(Records from a data collection)
■ ■ ■ ■

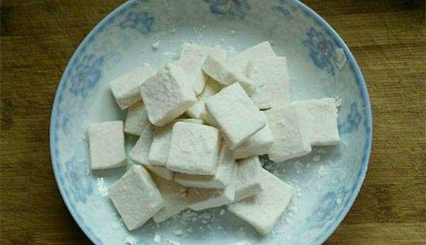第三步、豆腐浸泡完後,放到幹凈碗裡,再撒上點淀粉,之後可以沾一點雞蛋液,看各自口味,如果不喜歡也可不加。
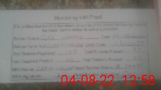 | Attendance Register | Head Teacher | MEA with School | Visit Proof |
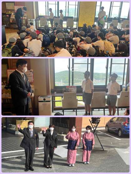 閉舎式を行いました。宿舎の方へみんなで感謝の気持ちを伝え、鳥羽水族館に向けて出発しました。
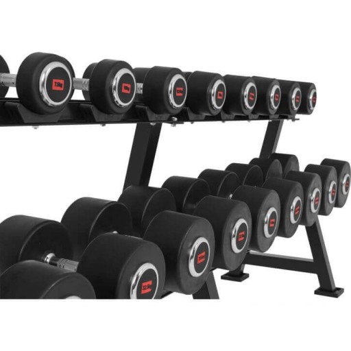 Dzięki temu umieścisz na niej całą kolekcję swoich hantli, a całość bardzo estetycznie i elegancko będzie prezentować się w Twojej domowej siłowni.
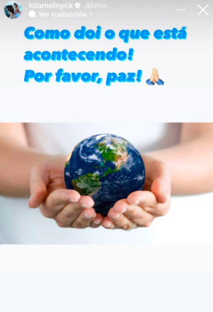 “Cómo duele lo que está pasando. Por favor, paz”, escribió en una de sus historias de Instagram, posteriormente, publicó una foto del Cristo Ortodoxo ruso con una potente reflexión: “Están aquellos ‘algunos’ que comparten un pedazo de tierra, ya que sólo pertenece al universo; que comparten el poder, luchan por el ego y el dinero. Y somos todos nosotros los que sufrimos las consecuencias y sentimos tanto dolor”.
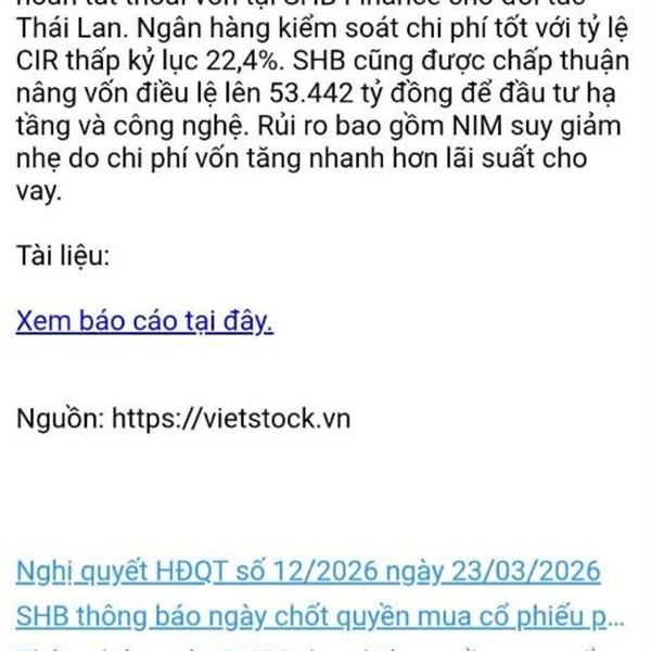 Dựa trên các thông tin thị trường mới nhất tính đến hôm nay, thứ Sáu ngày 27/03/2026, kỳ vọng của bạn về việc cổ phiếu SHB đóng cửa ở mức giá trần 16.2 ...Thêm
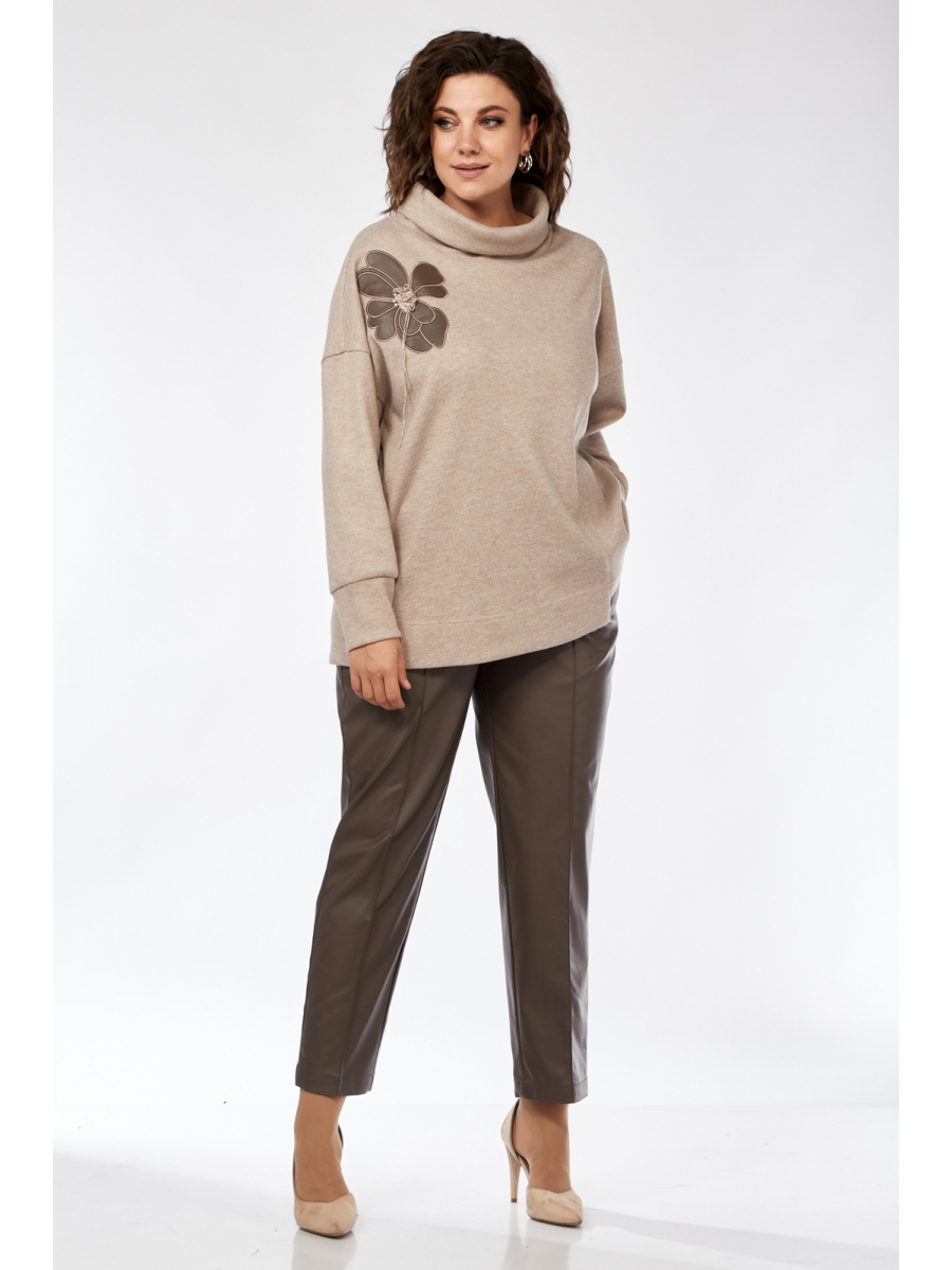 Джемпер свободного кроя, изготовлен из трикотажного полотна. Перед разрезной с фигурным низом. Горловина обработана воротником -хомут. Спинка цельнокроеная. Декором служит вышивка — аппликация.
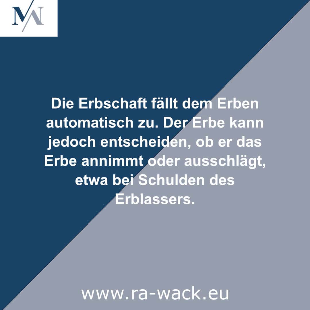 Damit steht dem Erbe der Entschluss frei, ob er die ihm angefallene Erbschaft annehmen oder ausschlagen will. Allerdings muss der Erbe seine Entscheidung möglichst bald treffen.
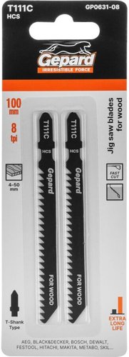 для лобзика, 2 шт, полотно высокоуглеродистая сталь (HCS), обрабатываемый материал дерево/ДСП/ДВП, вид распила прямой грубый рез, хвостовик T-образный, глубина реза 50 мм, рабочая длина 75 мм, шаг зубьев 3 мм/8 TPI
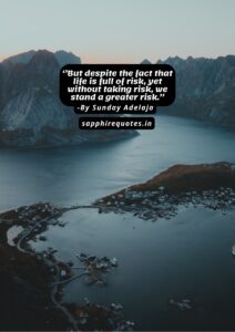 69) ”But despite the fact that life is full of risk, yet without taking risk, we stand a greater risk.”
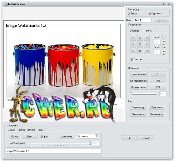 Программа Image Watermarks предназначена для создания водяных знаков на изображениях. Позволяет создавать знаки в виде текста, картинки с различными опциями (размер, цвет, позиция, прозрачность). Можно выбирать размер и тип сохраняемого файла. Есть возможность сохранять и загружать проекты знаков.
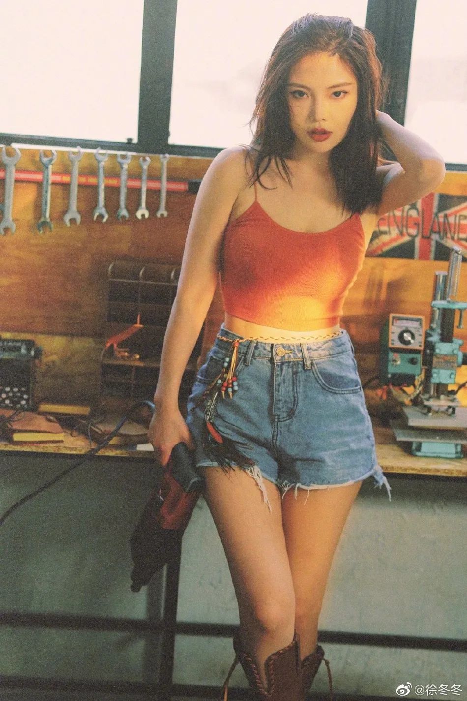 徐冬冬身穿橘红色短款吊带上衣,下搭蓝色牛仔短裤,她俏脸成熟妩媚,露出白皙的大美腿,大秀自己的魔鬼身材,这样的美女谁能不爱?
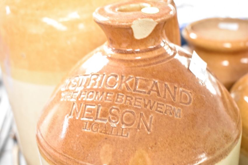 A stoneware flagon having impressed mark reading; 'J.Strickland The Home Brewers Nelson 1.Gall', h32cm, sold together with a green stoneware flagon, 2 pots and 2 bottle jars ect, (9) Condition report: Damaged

■ ■ ■ ■

*Exercise goal*: Exactly as written, repeat the lines from the beginning of the entries up to and including the line with "Dzięki temu umieścisz", but not the pictures.

*Finished exercise*:
第三步、豆腐浸泡完後,放到幹凈碗裡,再撒上點淀粉,之後可以沾一點雞蛋液,看各自口味,如果不喜歡也可不加。
 | Attendance Register | Head Teacher | MEA with School | Visit Proof |
 閉舎式を行いました。宿舎の方へみんなで感謝の気持ちを伝え、鳥羽水族館に向けて出発しました。
 Dzięki temu umieścisz na niej całą kolekcję swoich hantli, a całość bardzo estetycznie i elegancko będzie prezentować się w Twojej domowej siłowni.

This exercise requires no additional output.